The Raising of Lazarus
Historical Context
The Raising of Lazarus by the Master of the Sherborne Almshouse Triptych, painted around 1485 and now in St John's House, depicts the miracle in the Gospel of John in which Christ raises his friend Lazarus of Bethany from the dead four days after his burial — the greatest of Christ's miracles before his own Resurrection, and the event that the Gospels record as triggering the final decision by the Jewish authorities to have him killed. This master, named for a triptych in the Sherborne Almshouse, was an English or English-influenced Flemish painter active in the southern English cultural orbit in the late fifteenth century, producing devotional panels that reflect the Flemish naturalistic tradition adapted to English patronage tastes.

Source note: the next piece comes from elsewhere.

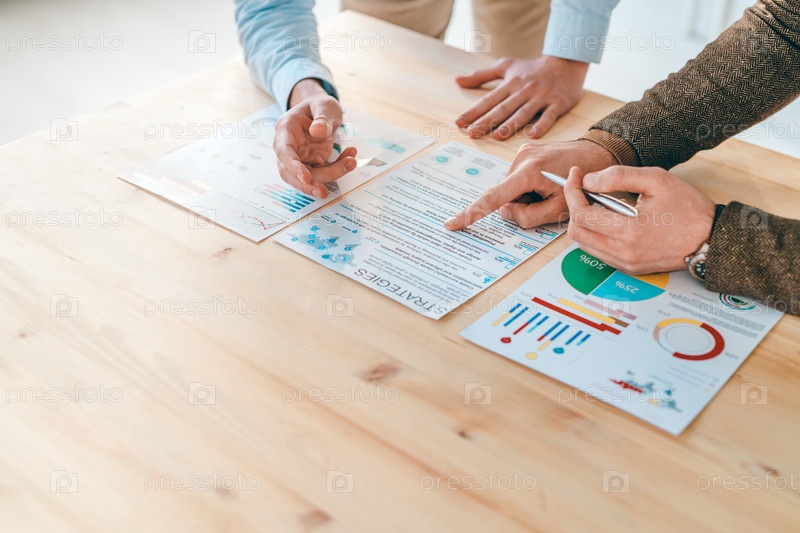 Один из молодых мужчин-финансистов указывает на документ с финансовой информацией

The Raising of Lazarus was a subject of profound theological resonance — Christ's power over death demonstrated before the Passion — and its representation in a hospital or almshouse context would have spoken directly to the inhabitants facing illness and death.
Technical Analysis
The master renders the miracle with the descriptive naturalism of the Flemish tradition, depicting the unwrapped Lazarus emerging from the tomb while the surrounding figures react with wonder, and Martha and Mary kneel before Christ. The landscape setting and the architectural tomb entrance are rendered with Flemish spatial precision appropriate to the master's training.